Matt Barrow, Chief Data Scientist, Global Relay
Matt Barrow. Photo: Global Relay

Another area where real-time analytics is becoming increasingly important is risk management and helping financial institutions to anticipate issues before they happen. Take Evershed Sutherland’s legal and compliance services business Konexo. It has partnered with contract analysis platform LIKEZERO to improve the accuracy of its derivatives data to help financial institutions to monitor their derivatives risk better.

“Real-time analytics are being used in two key ways,” says Trystan Richard, Head of Legal Project Operations at Konexo.

“The first is to provide transaction-level insights and data that support front office and risk staff when making time-critical risk and pricing decisions. These contribute to whether a transaction is executed and on what basis. The second is to provide live management information on a portfolio level that helps risk staff understand the impacts of taking on or disposing of transactions and, to some extent, explore risk and pricing impacts of market, credit, and liquidity sensitivities.”  

Real-time analytics is also playing a vital role within compliance departments, such as making it easier to spot wrongdoing by monitoring electronic communication channels and quickly flagging potential issues.

“SEC and FINRA rules have forced banks, broker-dealers and other financial institutions to provide evidence that they are making best efforts to monitor employee e-communication content to check that they are not overselling products, or laundering money, or committing wire fraud or ‘me too’-type abuses,” says Matt Barrow, Chief Data Scientist at Global Relay.

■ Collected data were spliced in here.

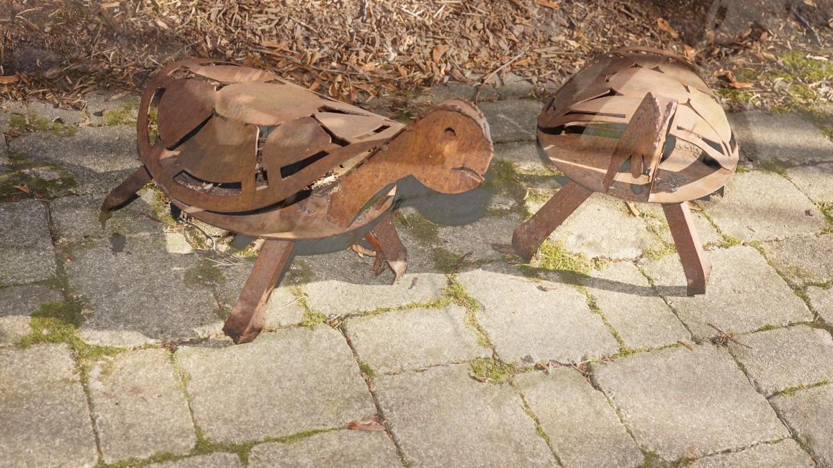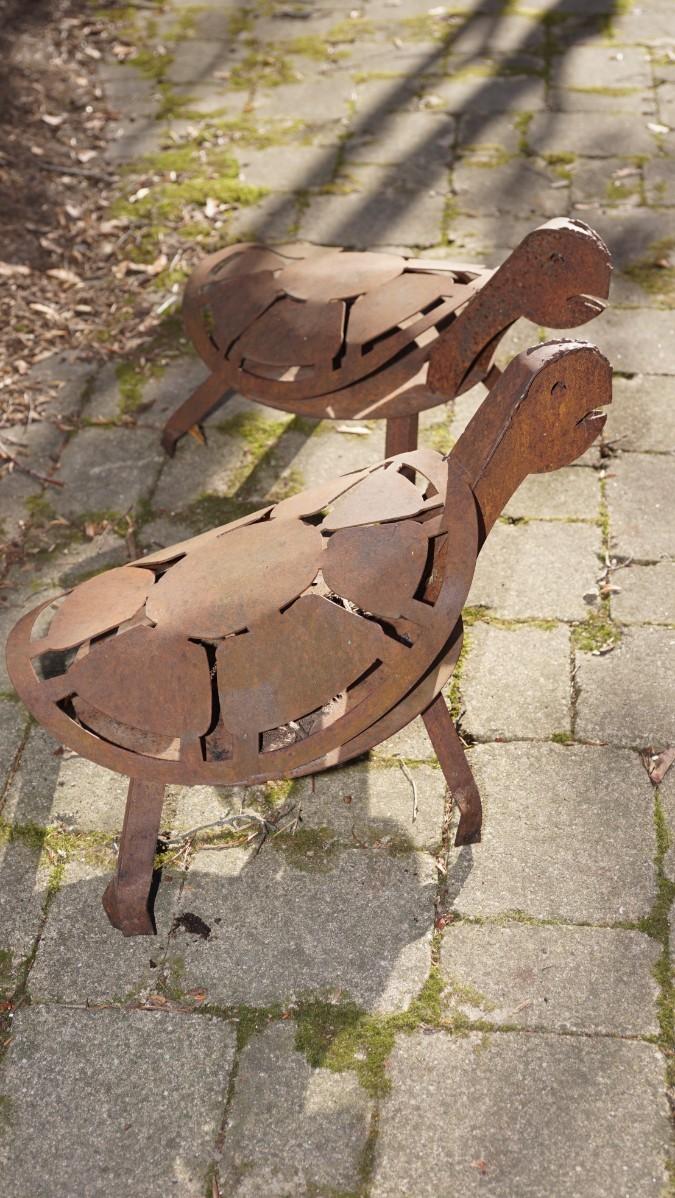 very well constructed heavier metal turtle sculptures. These are a medium size of 21" in height at the head and about 22" in lenth,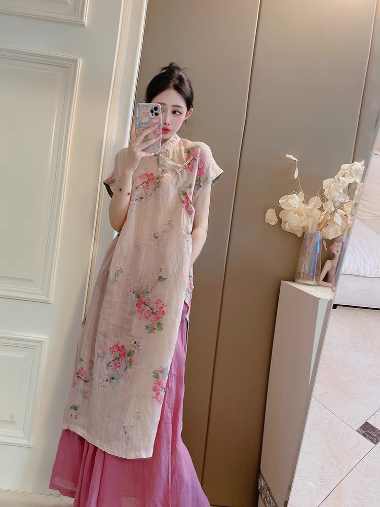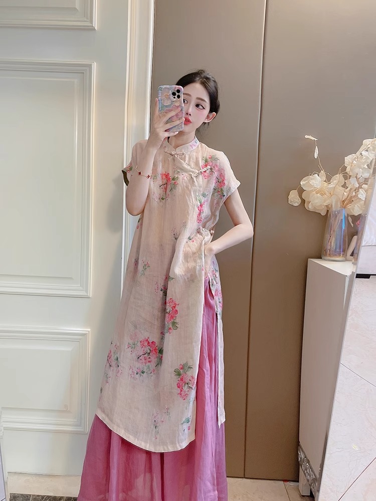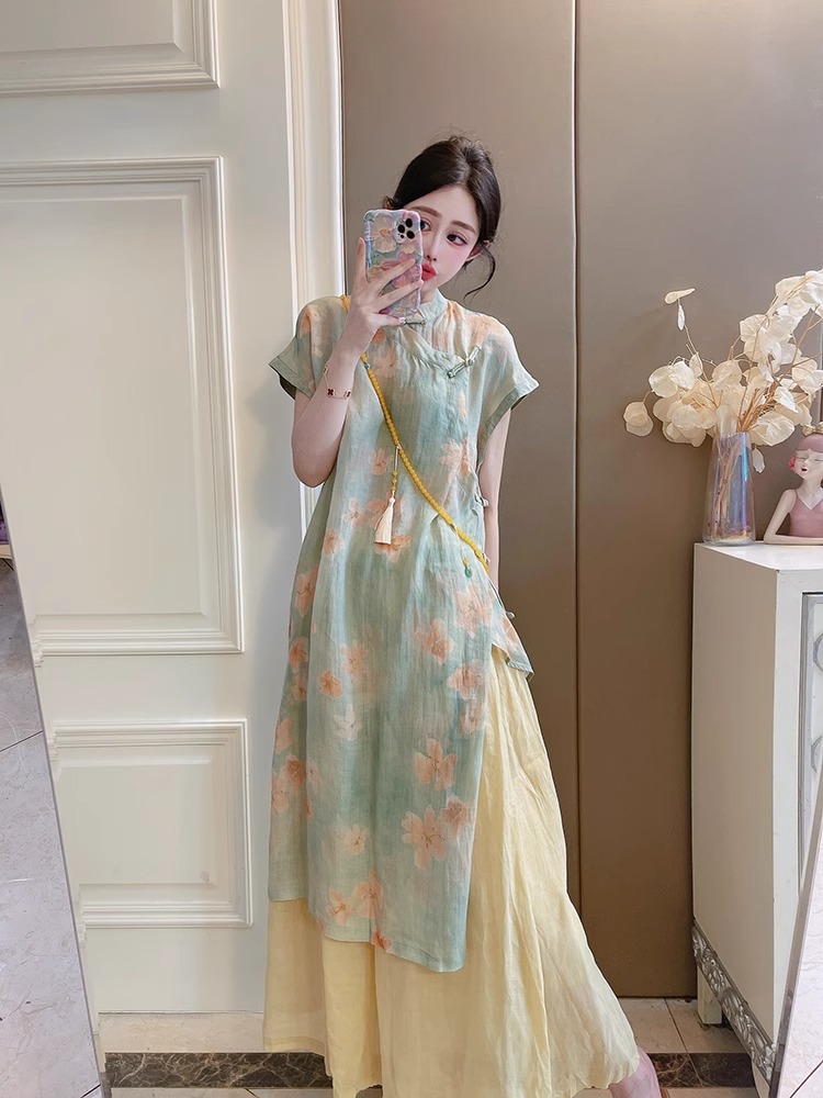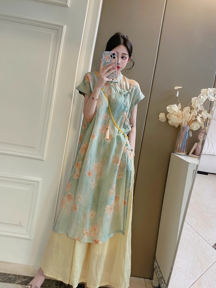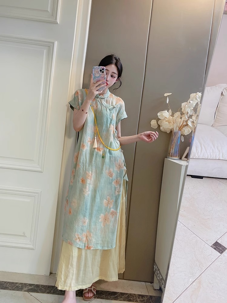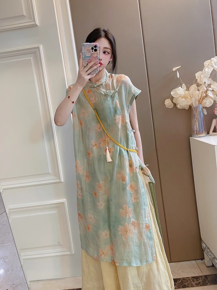 차가운 바람 버클 경사 플래켓 코튼 리넨 여성용 중장 원피스 여름 예술적 차 세트 사이드 스플릿 가운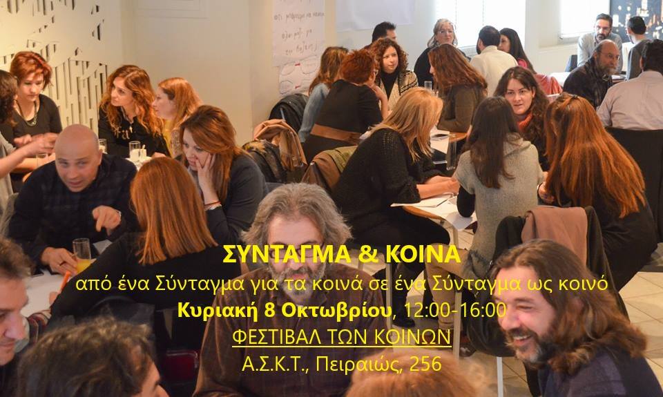 Στο πλαίσιο του Φεστιβάλ των Κοινών, Κυριακή 8 Οκτωβρίου 12:30-16:30, κτίριο Ανωτάτης Σχολής Καλών Τεχνών – πρωτοβουλίες που δραστηριοποιούνται υπέρ της θεσμικής κατοχύρωσης της συμμετοχής των πολιτών στις πολιτικές αποφάσεις, συναντώνται γύρω από το θέμα “Κοινά & Σύνταγμα”, προτείνουν σειρά ομιλιών και προσκαλούν κάθε ενδιαφερόμενο να συμμετάσχει σε μια συζήτηση με τη μέθοδο world cafe.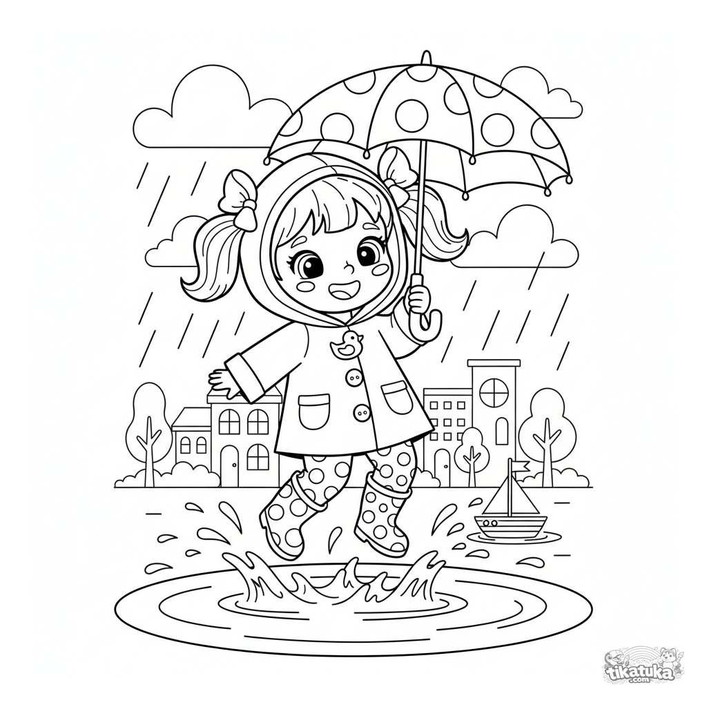 Fun coloring page for girls 4-6: a little girl in a raincoat jumps in a puddle in the rain. A bright, simple scene develops imagination and creative skills.

“From a real-time analytics perspective, there is a requirement to do this monitoring as quickly as possible. If somebody is laundering money, you don’t want to wait five days to receive a notification saying this person sent an email and it looks like they might be laundering money; you want to know as quickly as possible whether somebody is behaving in a non-compliant way.”

Other use cases for that e-comms data are also emerging, including behavioral analytics both for internal staff members and customer trends.

“If somebody predominantly sends messages and chat items that are not business related, and the sentiment of those messages is particularly low, you might infer that that employee is not terribly engaged in their job and you might want to address that sooner rather than later,” says Barrow.

“That data can also provide intelligence around sales information, such as who a bank is selling to and what kind of price they can charge.”

Getting tech and infrastructure right

Gathering all of this data is not easy. The proliferation of digital communication channels means a single employee might use dozens of different chat tools or email accounts. Without the right technology to store all of that data in one place in a common format, financial institutions will struggle to find it when required for regulatory or legal discovery purposes.

“Take a bank like HSBC that may have a quarter of a million employees, all communicating across 150 different platforms every day. You’re not just storing big data, that’s massive amounts of data and regulators insist it needs to be stored in a safe way and can be searched accurately and quickly,” says Barrow.

Therefore, having the right infrastructure to allow for data capture, storage, and real-time analytics is critical. “If you want real-time analytics in banking, you need something that is a database and an analytics engine and ideally that utilises existing technologies like SQL,” says Livermore.

It is also important that financial institutions focus on the analytical outcomes they need rather than getting bogged down with advanced data science.

“There is no real need for bleeding-edge AI with what we are trying to achieve,” says Livermore. “Low-level AI can be very relevant and worthwhile, and is arguably more than most are doing right now. It is all about finding the right level for your organization. Data lakes, deep learning, robotic champions? All you need to do is make sense of the data you’ve got and be able to apply common sense to it so you can start to pull information or metrics out of it that’s usable and you can do stuff with – you can get too funky sometimes.”